How to download pdf file in ruby without .pdf in the link

Question

I need to download a pdf from a website which does not provide a link ending with (.pdf) using ruby. Manually, when i click on the link to download the pdf, it takes me to a new page and the dialog box to save/open the file appears after some time.

Please help me in downloading the file.

The link

score 5 · Answer 1 · answered Sep 07 '13 at 04:45

5

You an do this

require 'open-uri'
File.open('my_file_name.pdf', "wb") do |file|
  file.write open('http://someurl.com/2013-1-2/somefile/download').read
end

I have been doing this for my projects and it works.

answered Sep 07 '13 at 04:45

roxxypoxxy

2,973
1
21
28

If using versions later than Ruby 3.0 to open the uri you should use `URI.open` instead of just `open` described above. Before Ruby 3.0, `open-uri` used to overwrite `Kernel#open` which led to vulnerabilities if the url was not safe. This was changed after Ruby 3.0, and led to the use of `URI.open` instead. – choicodes Mar 16 '23 at 18:25

Peter Klipfel · Accepted Answer · 2013-07-26T23:17:05.120

0

If you just need a simple ruby script to do it, I'd just run wget. Like this exec 'wget "http://path.to.the.file/and/some/params"'

At that point though, you might as well run wget.

The other way, is to just run a get on the page that you know the pdf is at

source = Net::HTTP.get("http://the.website.com", "/and/some/params")

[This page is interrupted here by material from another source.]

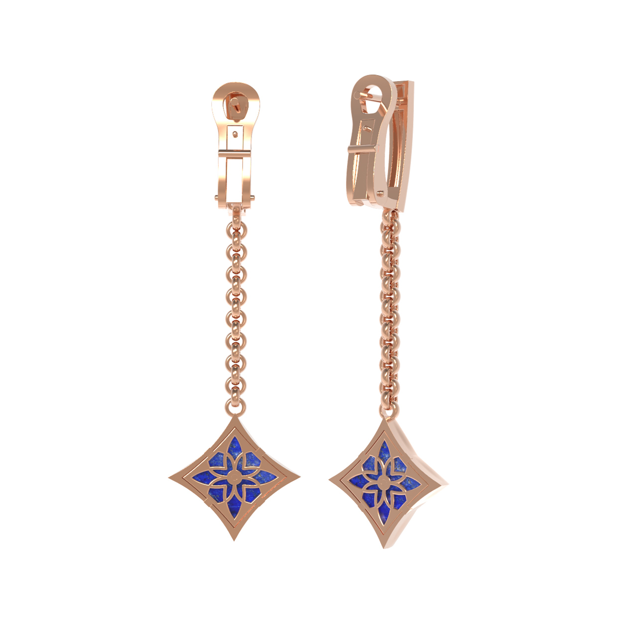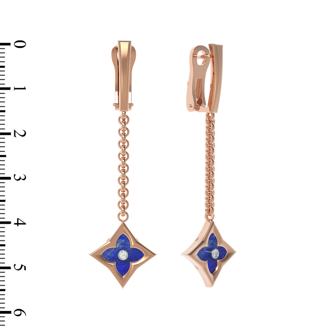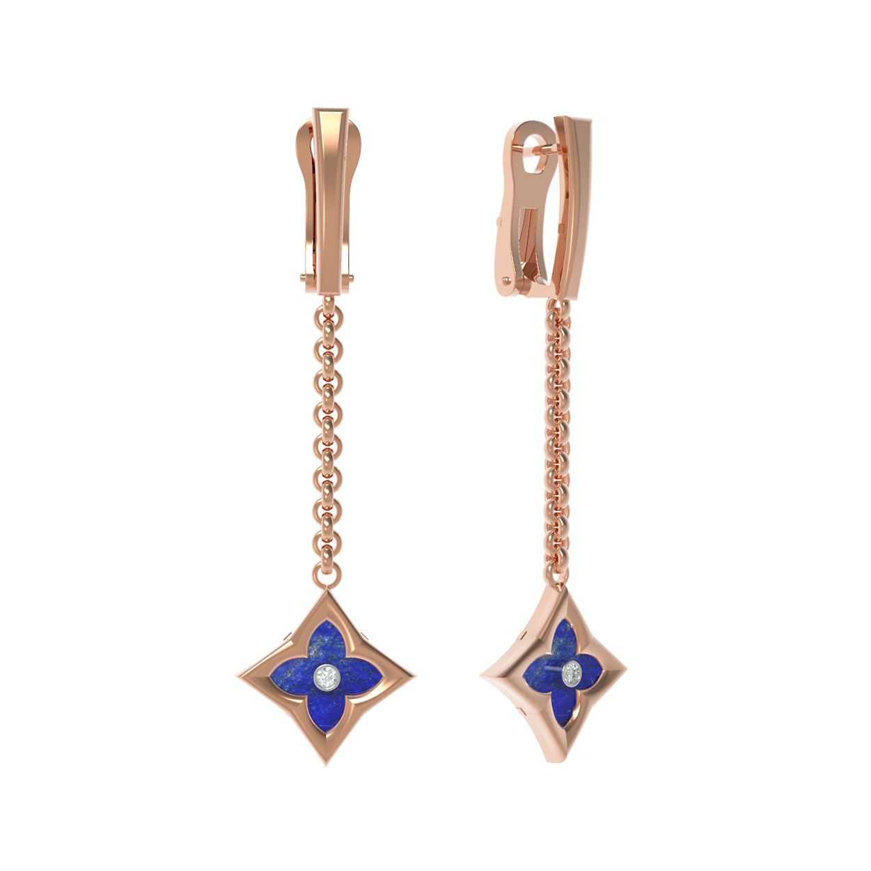 Центральным элементом композиции является вставка в форме ромба, внутри которой гармонично расположился глубокий синий лазурит. Контрастный тандем дополняет яркий белый бриллиант круглой огранки, который играет бликами света при любом освещении. Всего в изделии использованы 4 вставки, создающие завершенный и выразительный облик. Красное золото придает украшению теплое сияние, которое идеально сочетается с холодным блеском камней.

There are a number of other http clients that you could use, but as long as you make a get request to the endpoint that the pdf is at, it should give you the raw data. Then you can just rename the file, and you'll have the pdf

In your case, I ran the following commands to get the pdf

wget http://www.lawcommission.gov.np/en/documents/prevailing-laws/constitution/func-download/129/chk,d8c4644b0f086a04d8d363cb86fb1647/no_html,1/
mv index.html thefile.pdf

Then open the pdf. Note that these are linux commands. If you want to get the file with a ruby script, you could use something like what I previously mentioned.

Update:

There is an added complication that was not initially stated, which is that the url to the pdf changes every time there is an update to the pdf. In order to make this work, you probably want to do something involving web scraping. I suggest nokogiri. This way you can look at the page where the download is and then perform a get request on the desired URL. Furthermore, the server that hosts the pdf is misconfigured, and breaks chrome within a few seconds of opening the page.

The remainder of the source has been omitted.